According to a Nielsen Company survey, the iPad reigns king of desire on the wish list of kids ages 6-12, being coveted above video game systems like the Nintendo DS, PlayStation 3, Smartphones, iPhones, Wii, and other systems.

For kids 13+ the iPad and tablets came in fourth, after a computer, TV, and non-iPhone smartphone.

Traditionally, video game systems have topped the consumer desires of children. However, given the multi-purpose nature of iPads and other consumer tablet systems, along with their afforded portability and usability as gaming systems, it’s not too surprising that the iPad is rising to the top. According to id Software co-creator John Carmack, graphics and gaming power of the iPad rivals some of the best home gaming console available today:

It is great for me to see a lot of people saying this looks better than anything on my Wii and a quarter of the games on my 360, which is about how I would rank the power levels there. You should be able to do something that’s better on an iPad than anything that’s done on the Wii. A 360 or PS3 does have several times integral-multiple more power but there’s certainly some games where developers don’t take much advantage of it. We’re nowhere close to maxing out what could be done on an iPad.

The referenced Nielsen survey tracks what these youth age groups are interested in purchasing over the next six months.

2 Comments

2 Comments

  1. Ron William

    11/25/2010 at 7:25 am

    iPad rules. Interesting to see iPhone lagging behind iPad. The good news is kids moving away from Playstations. The trend is changing. But still Apple is the ruler.

  2. Anonymous

    11/29/2010 at 8:51 pm

    I’m wondering how many of these kids already have consoles or gaming PCs to begin with. The iPad is a relatively new product, not even a year old, while the current generation of consoles has been out for roughly four or five years.I also don’t see the iPad as a typical gaming device. Strategy games, board games, card games, and such work well, but action games and such that were traditionally played with something other than capacitive multi-touch and an accelerometer?
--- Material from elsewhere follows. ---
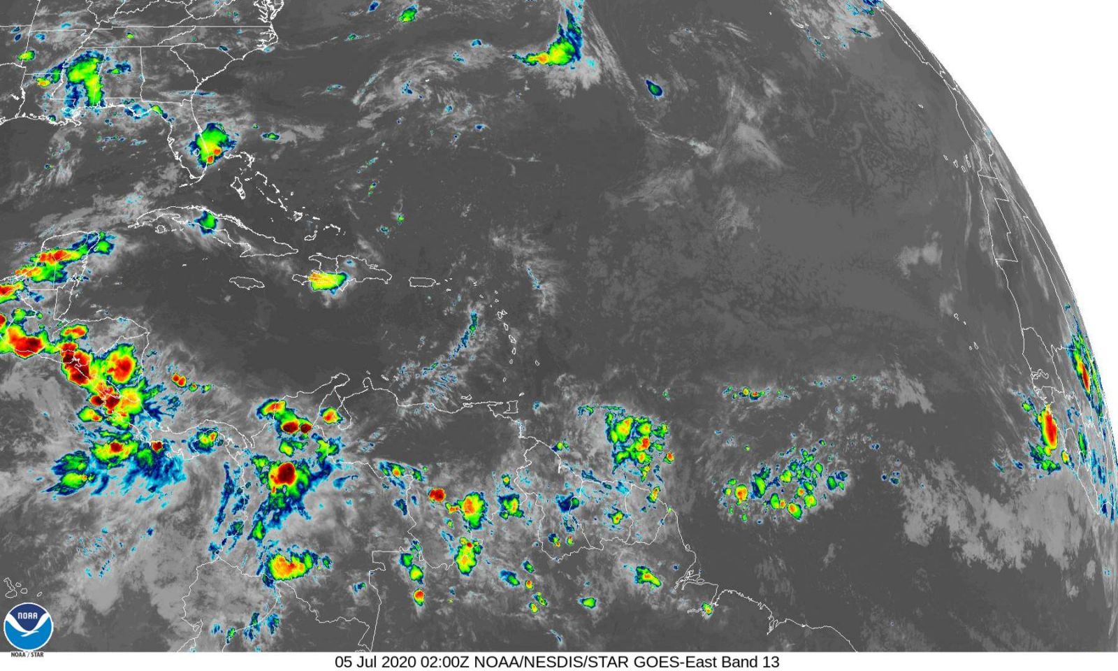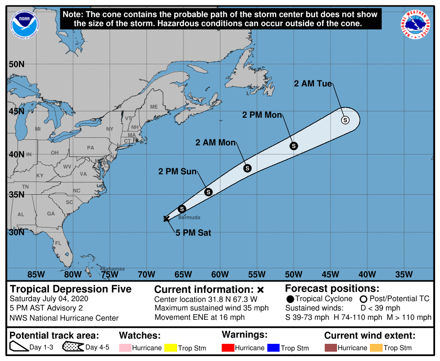 FUENTE: www.nhc.noaa.gov SINOPSIS La Depresión Tropical No. 5 se ubicaba en el Atlántico, se encontraba en esta tarde en la Longitud 31,8° Norte y Longitud 67,3° Oeste a 2400 km al oeste y suroeste de las islas de Bermuda, tiene vientos sostenidos de 55 km/h con rachas mayores, se mueve rápido hacia el este y noreste a 26 m/h y tiene una presión barométrica de 1.007 hPa. De acuerdo a los modelos de pronóstico matemáticos de posible trayectoria se espera mantenga su movimiento hacia el este y noreste y alcance esta noche o mañana domingo temprano la parte noroeste y norte de las islas de Bermuda; también se espera aumente su movimiento de traslación y gane un poco de fuera y se convierta en la Tormenta Tropical “EDOUARD”. Debido a su lejanía y dirección de desplazamiento no es de peligro por el momento para la península de Yucatán. Elaboró: Juan Vázquez Montalvo Meteorólogo del Comité Institucional para la Atención de los Fenómenos Meteorológicos Extremos de la UADY

The controls are not ideal, not unless it’s jailbroken and someone makes games built around Bluetooth keyboards and mice or gamepads (note that both the Wiimote and Sixaxis/DualShock 3 use Bluetooth as their wireless protocol), and those games certainly aren’t going to be on Apple’s App Store. Perhaps those kids may be enticed more by the multi-purpose nature of the device, not being as ridiculously locked down as a console or dedicated gaming handheld, or any gaming they do doesn’t reflect the tastes of typical core gamers nowadays.Computers are still high on both lists, though, perhaps because of the same multi-purpose nature (and let’s face it, you’re not going to get that iPad started without iTunes, which already means Windows or Mac OS X). It’s a rather vague, catch-all category, though, meaning anything from netbooks to convertible Tablet PCs to high-performance gaming desktops for all I know. Some might even throw the iPad in there if not for the whole locked-down nature and that bit about iTunes I pointed out earlier. (As if anyone’s giving a kid 13 or under anything more expensive than the $500 iPad for Christmas…but that’s what wish lists are for, right?)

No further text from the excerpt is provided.